Rebuilding Place in the Urban Space

"A community’s physical form, rather than its land uses, is its most intrinsic and enduring characteristic." [Katz, EPA] This blog focuses on place and placemaking and all that makes it work--historic preservation, urban design, transportation, asset-based community development, arts & cultural development, commercial district revitalization, tourism & destination development, and quality of life advocacy--along with doses of civic engagement and good governance watchdogging.

Monday, July 18, 2005

Interesting City attitude-Suburban attitude survey in Metro Detroit

Suburbanites at the Detroit Institute of Arts.Photo: John T. Greilick / The Detroit News. Melissa, Max and Madison Summers of Royal Oak visit the Detroit Institute of Arts. Even suburbanites who don't avail themselves of Detroit's offerings feel a strong bond to the city, a poll shows.

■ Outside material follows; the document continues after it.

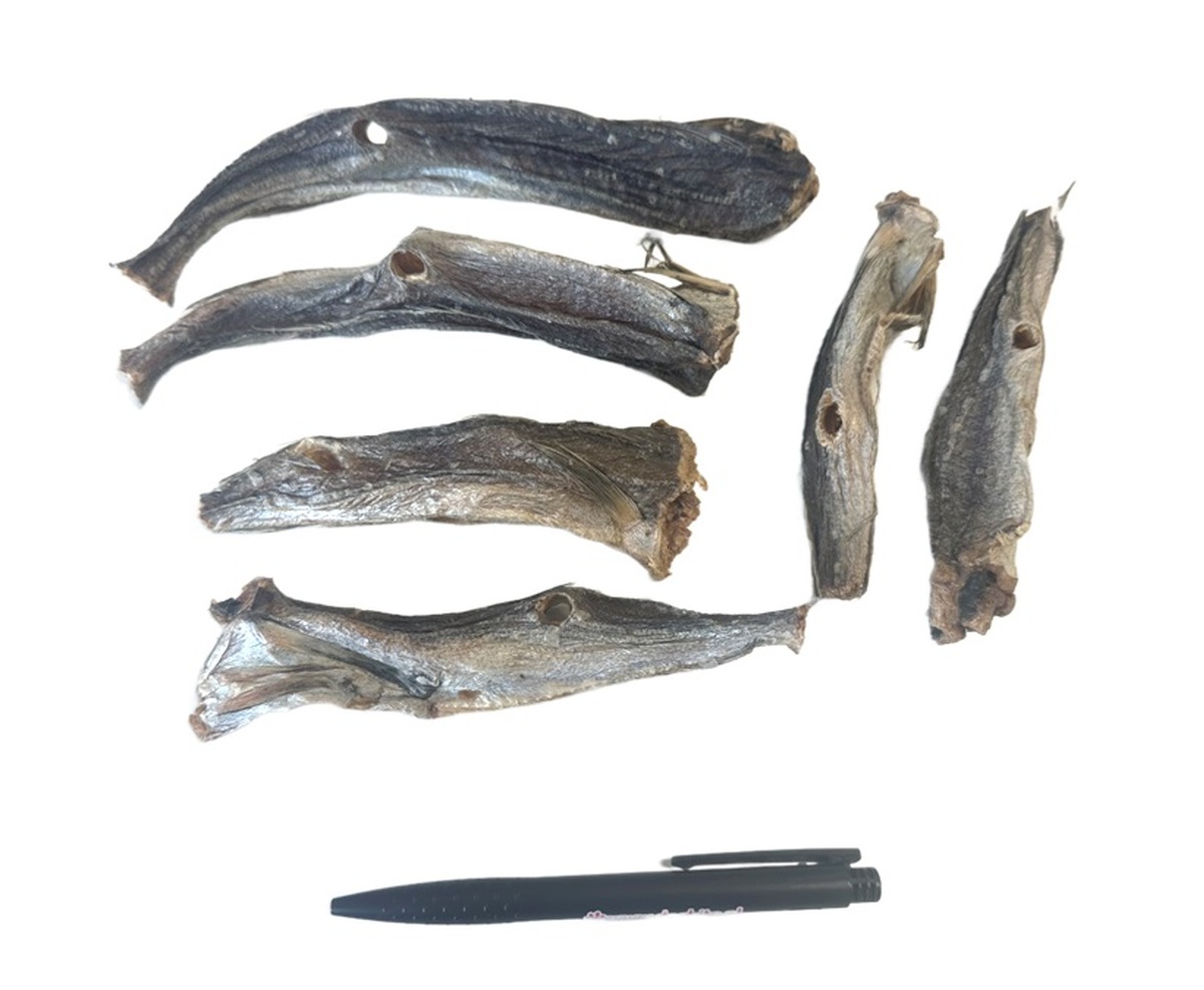 aardig maatje vis. Kop is wat groter/dikker dan het lijf. Mijn senioren standaard labradoodles vinden ze erg lekker. Dit is ook nog goed te bijten voor ze.

I was surprised to see in this article from the Detroit News, "Suburban residents back Detroit, but not its mayor: Missteps have cost Kilpatrick support in the places where he usually gets campaign money," that suburban residents actually care about the center city, in part because that's where many people lived at one time or another in the recent past. Part of the suburban attitude is a general attitude of anti-urbanism (which means anti-center city), according to this article, "Vulgaria: The Re-enchantment of the Suburbs," by geographer Paul Knox.

The News article says that "A strong majority of suburban residents feel connected to Detroit, believe they have a stake in the city's revival and would support some kind of state financial aid to help it recover from decades of decline. And they forcefully condemn its current leadership, according to a Detroit News poll. The survey, conducted last week by Mitchell Research among registered voters in Oakland and Macomb counties and Wayne County outside of Detroit, gave Mayor Kwame Kilpatrick an 80 percent disapproval rating.

The poll shows why suburban residents stay plugged in to Detroit politics. More than half of those surveyed said they visit the city regularly and believe its problems drag down the entire region. The implications for Kilpatrick's flagging re-election bid are severe, since suburban residents typically contribute the lion's share of campaign donations that could prove crucial in deciding who will be mayor for the next four years. "I love this city," said survey respondent Sheila Sweeny, 57, of Harper Woods. "I complain about the winters and the summers, but I can't imagine leaving. But what I see happening makes me sad."

It would be interesting to see a similar survey of the Washington region. I am always surprised to meet people around the Metro area who have deep ties to the city, if you work hard enough to uncover them. They tend to be older though (makes sense because much of the migration to the suburbs took place in the 1950s and into the 1960s), and the succeeding generations have a more evident disdain for the city, and work to "quieten" their parents and older relatives on city issues.